After the announcement of the Barisan Nasional Supreme Council decision on Wednesday night by the Prime Minister Datuk Seri Najib Razak that the federal government will not takeover PAS President Datuk Seri Hadi Awang’s private member’s bill to amend Act 355, attention has shifted to whether Hadi will be able to move his private member’s bill motion next Thursday (last day of the present Parliamentary meeting) and whether there would be a debate and a vote, and if so, what the voting outcome would be like.
Any passage of Hadi’s private member’s bill motion in Parliament next Thursday will make a total mockery of the Barisan Nasional Supreme Council decision that the BN government will not take over Hadi’s private member’s bill.
This is because Dewan Rakyat Standing Order 49 (3) make it very clear that if leave is granted for a private member’s bill motion, in this case to amend Act 355, the Bill “shall be deemed to have been read the first time and ordered to be printed and a copy of the Bill shall be delivered to the Setiausaha”.
Standing Order 49(4) provides that the Bill “shall thereupon be printed and circulated to members, and shall stand referred without discussion to the Minister concerned with the subjects or functions to which the Bill relates to” and that “no further proceedings shall be taken upon such Bill until the Minister has reported to the House thereon”.
In the present case over Hadi’s Bill, the Barisan Nasional Supreme Council decided that the government (which would include any Minister concerned) would not take over Hadi’s private member’s bill, which would mean that even if Hadis’ private member bill motion is passed by Parliament, the Bill would not be taken over and pursued further by the Federal Government.
But any such voting outcome by MPs knowing that Hadi’s bill would not be taken over by the federal government will make Parliament the laughing-stock of the world – as if we have not enough things for the world to mock and ridicule, in particular over Malaysia as a global kleptocracy and the international multi-billion dollar 1MDB money-laundering scandal!
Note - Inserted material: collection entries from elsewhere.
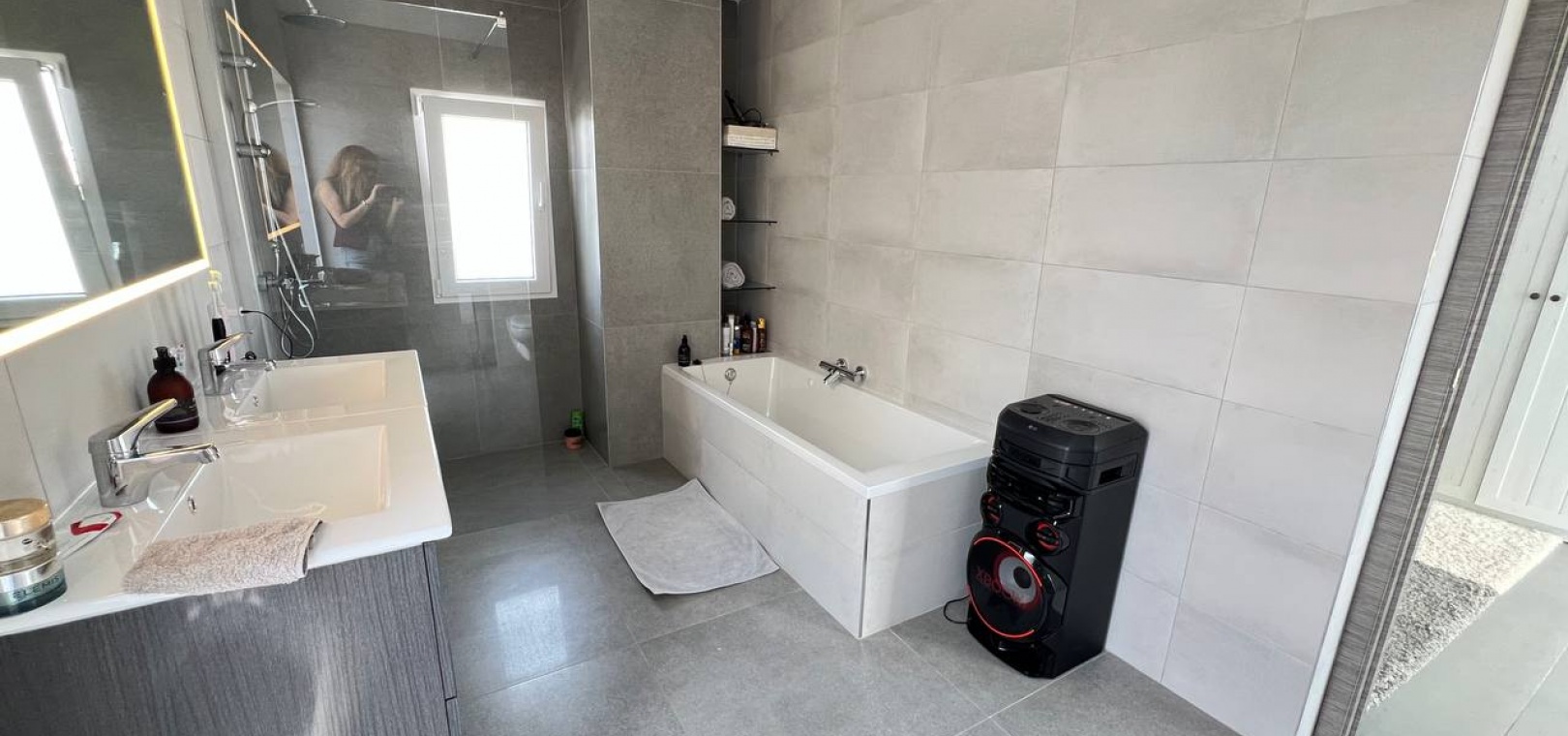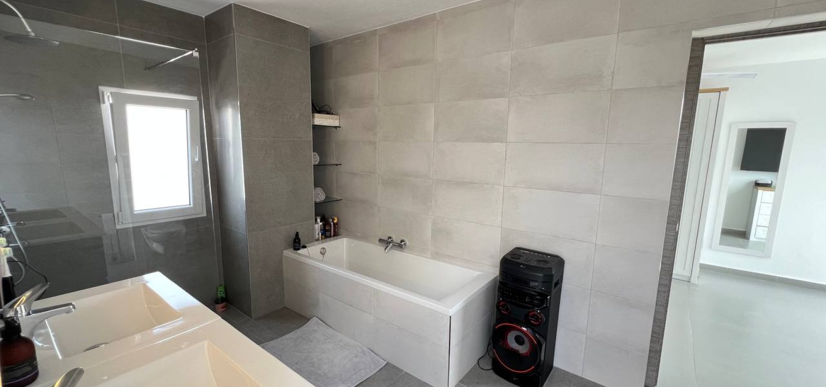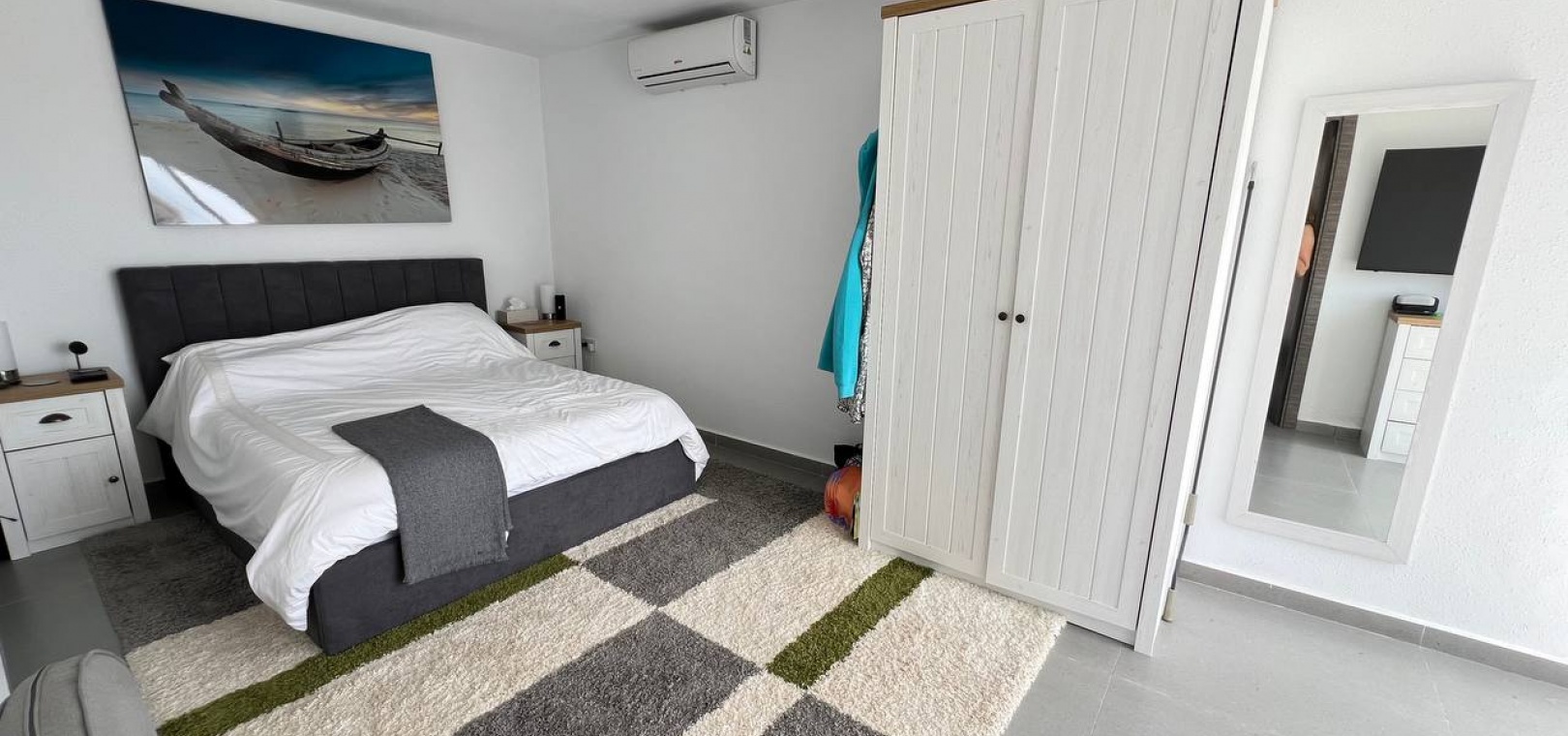 Im ersten Stock gibt es ein Wohn-/Esszimmer mit Klimaanlage (warm/kalt), einem Deckenventilator und Türen zum Balkon im 1. Stock, eine offene, neu eingerichtete Küche mit einer Kochinsel, 1 Doppelzimmer mit eigenem Bad und Türen zum Balkon im 1. Stock, 2 Doppelzimmer und 1 neu eingerichtetes Duschbad.
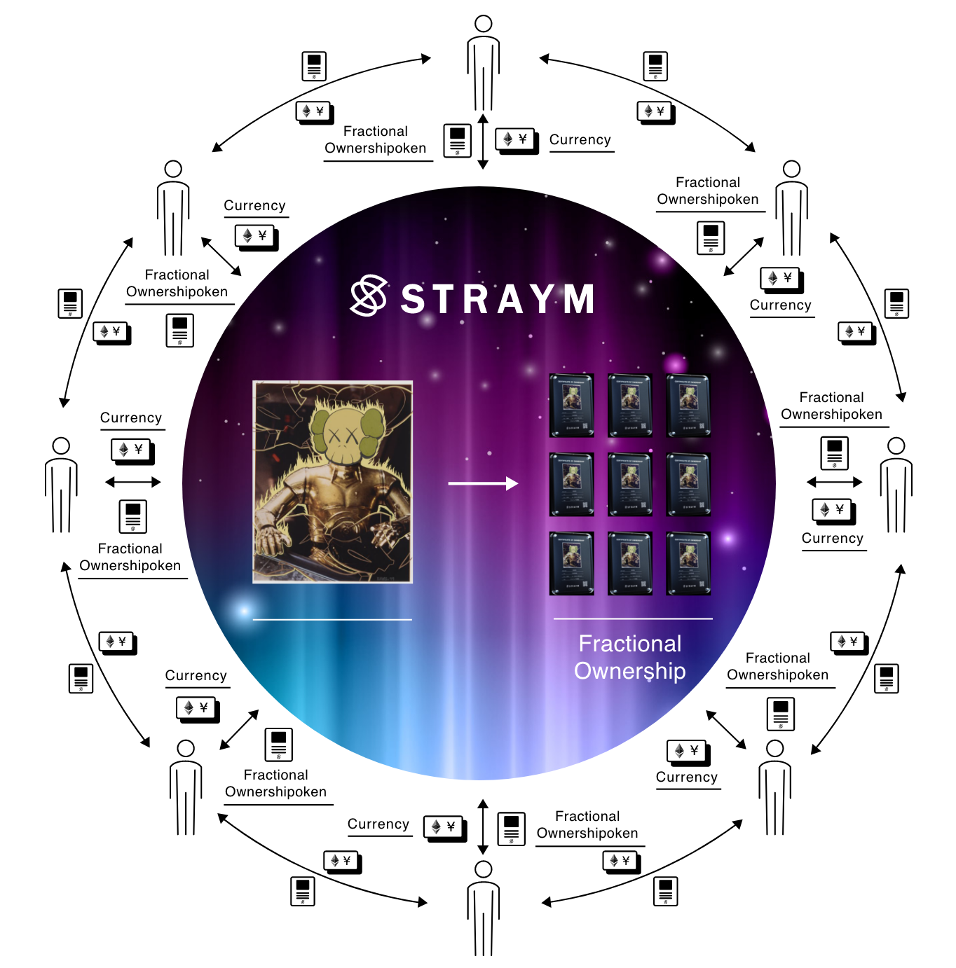 その中で、ストレイムはブロックチェーンをアートに応用した「アートの分散型保有」により、アートの楽しみ方そのものをアップデートします。例えば、アートの分割保有権を「オーナー権NFT」としてブロックチェーン上で分散することにより、改ざん耐性が向上することに加え、これまで以上にアートの分割保有を客観的に担保できるようになります。また、オーナー権NFTは保有することによって、アートコミュニティ「STRAYM COLLECTORS CLUB」に参加するための会員権として機能し、アートオーナー同士がアート体験を共有することができます。
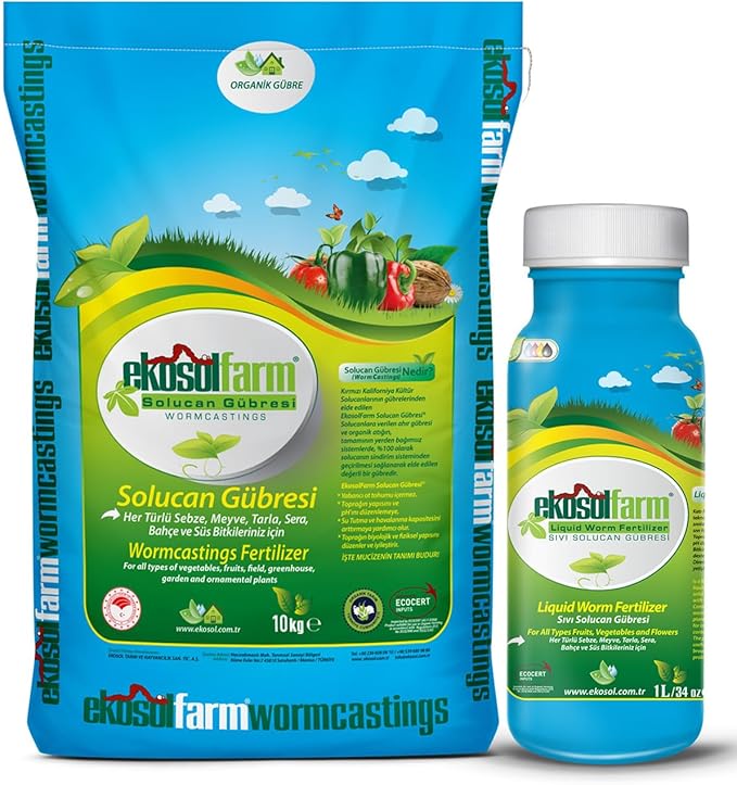 Organik%100 Solucan Gübresi Toz 10 KG + 1 Litre Sıvı Organik Gübre
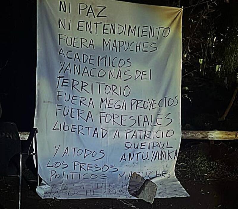 “Ni paz ni entendimiento. Fuera mapuches académicos yanaconas del territorio, fuera megaproyectos, fuera forestales”, decía el lienzo.
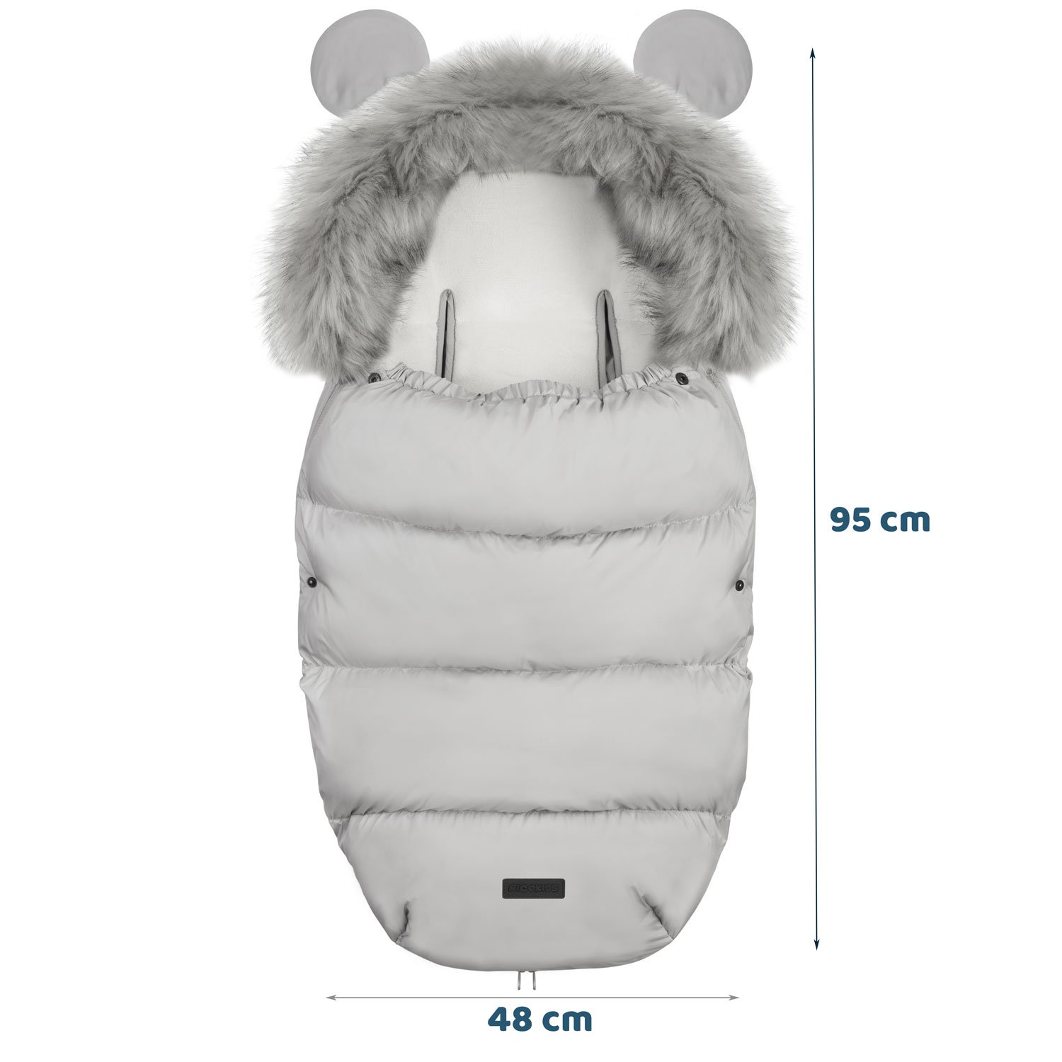 Mehko, občutljivo in odstranljivo krzno, Moderen in moden dizajn, Podložen z žametno mehko antialergijsko tkanino, Odpira se z dvema dvostranskima zadrgama (zgoraj in spodaj), Sprejemljivo za 2-, 3– in 5-točkovne pasove, Pritrdilni element preprečuje zdrs zaščitne noge v vozičku, Ščiti pred vetrom in snegom – kot nalašč za sankanje!
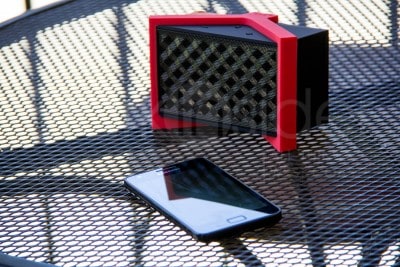 Not content to merely have a unique name, the portable speaker (measuring 4.75 x 2.25 x 2.75 inches) also features a removable silicon band. Fortunately the manufacturer, the Foreign Trade Company, doesn’t require you to make agonizing decisions and includes bands in all three colors – red (as seen in the photos), blue and black.
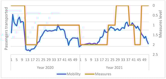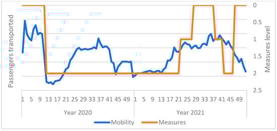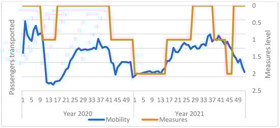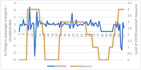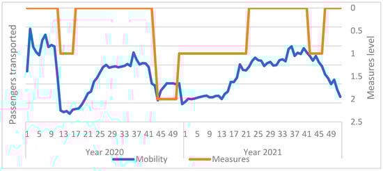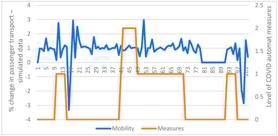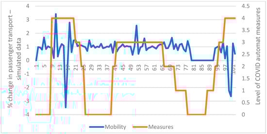 Accurate forecasting of transport demand during a pandemic or other extraordinary situation is therefore an essential prerequisite for effective decision-making by transport authorities. Modelling population mobility while accounting for the dynamics of restrictive measures not only provides deeper insights into passenger behaviour [] but also enables the design of interventions aimed at reducing social costs and optimizing the operation of the transport system [,].
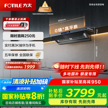 方太(FOTILE)V1S-G抽吸排油烟机 顶侧一体0缝真平嵌 大吸力28风量 国家补贴20% 灰色V1S-G (可搭配燃气灶)
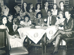Baile da Balança, promovido pelo Lions Clube de Ituverava em 1.974, no salão social da Associação Atlética Ituveravense. (1) Margaret Germano Del Guerra, hoje casada com Waldemar Telles Torraca, (2) Francisco Prado Figueiredo, filho do médico Eduardo Prado de Figueiredo, família que por muitos anos residiu em Ituverava, (3) Elza Maria Sandoval, hoje casada com Walter Shimizo, (4) e (5) o casal Olinda de Paula e Edgar de Paula, (6) e (7) Edna Mariano Viaro e Arsênio Viaro, as filhas (8) Leila Viaro e (9) Cleuza Viaro, hoje casada com Hélio Dias Campos (“Lelo”), (10) Marilu Viaro, (11) Denize Restivo, filha de Vitório Restivo e Maria Cristina Figueiredo Restivo (“Filinha”), (12) Edgar de Paula Filho e (13)Emerson de Paula, filhos de Edgar de Paula.
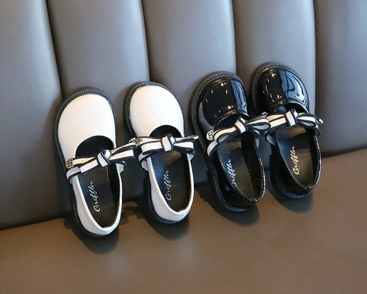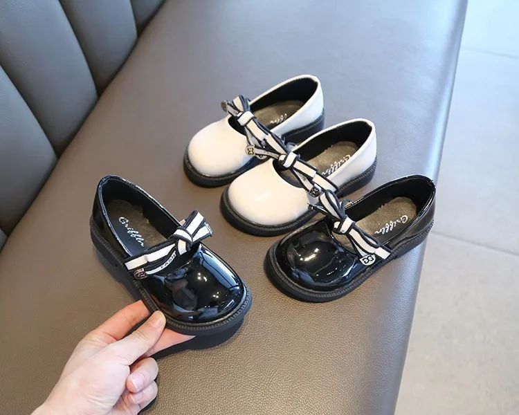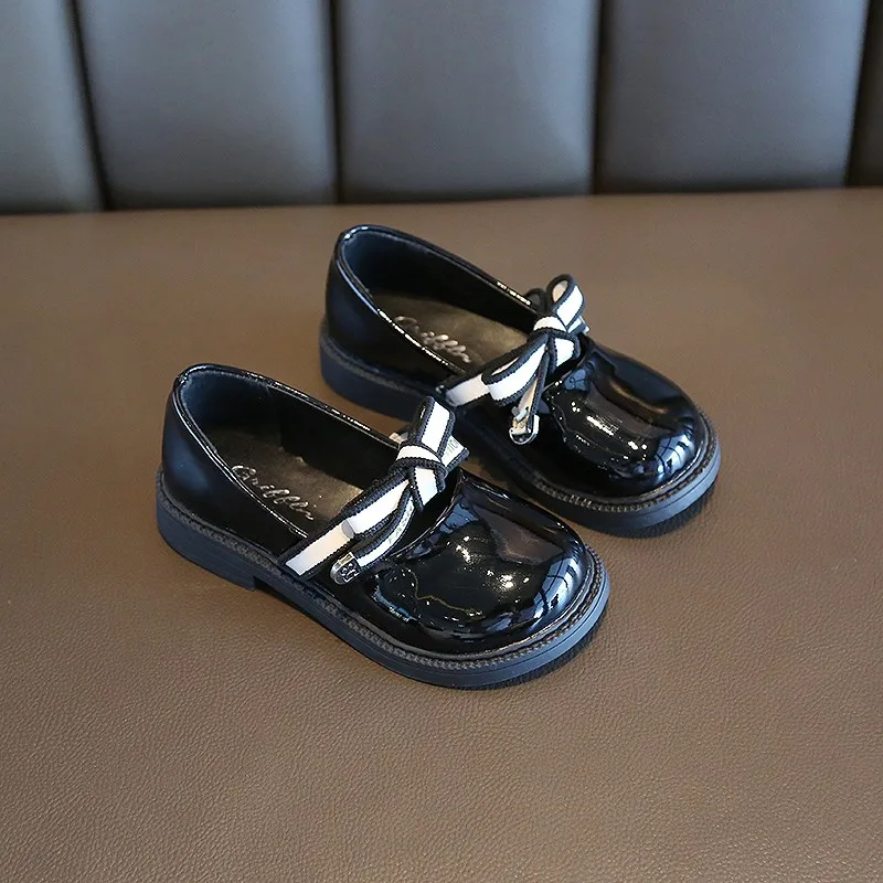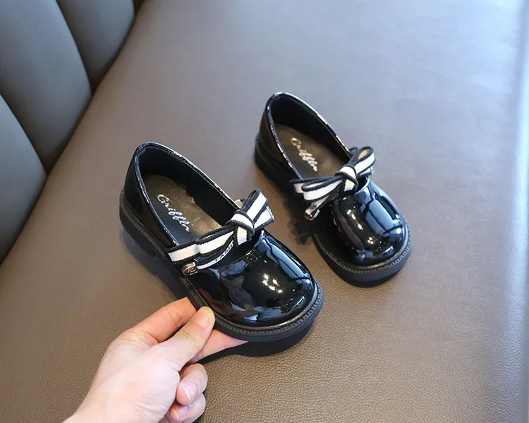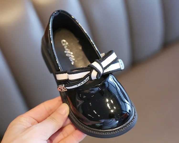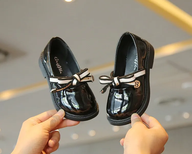 Детская модная обувь принцессы из лакированной кожи осенние черные лоферы с бантом для девочек Размер 23-36 красивая детская обувь с круглым носком

All MPs regardless of political party should pay heed to the statement by G25 comprising retired high-ranking civil servants urging an end to a divisive issue in a multi-racial Malaysia, which alienates our fellow Malaysians in Sabah and Sarawak and makes the minority races feel that they do not count.
Warning that such a divisive issue is “bound to create frictions in the federation, adding to the fears which many already have on the future of Malaysia as a constitutional democracy”, the group of G25 warned that Malaysians are already asking what has happened to the five principles of Rukunegara which was meant to unite the various communities into a happy and peaceful nation.
Members of Parliament must set the example to unite and not divide Malaysians of diverse races, languages, religions and cultures and come together, on the occasion of the 60th National Day anniversary and 57th Malaysia Day anniversary, to “reset” the nation building process and government policies – keeping policies which are good for the country and correcting or abandoning policies which are bad for Malaysia, like a global kleptocracy which could only lead Malaysia towards a failed and rogue state.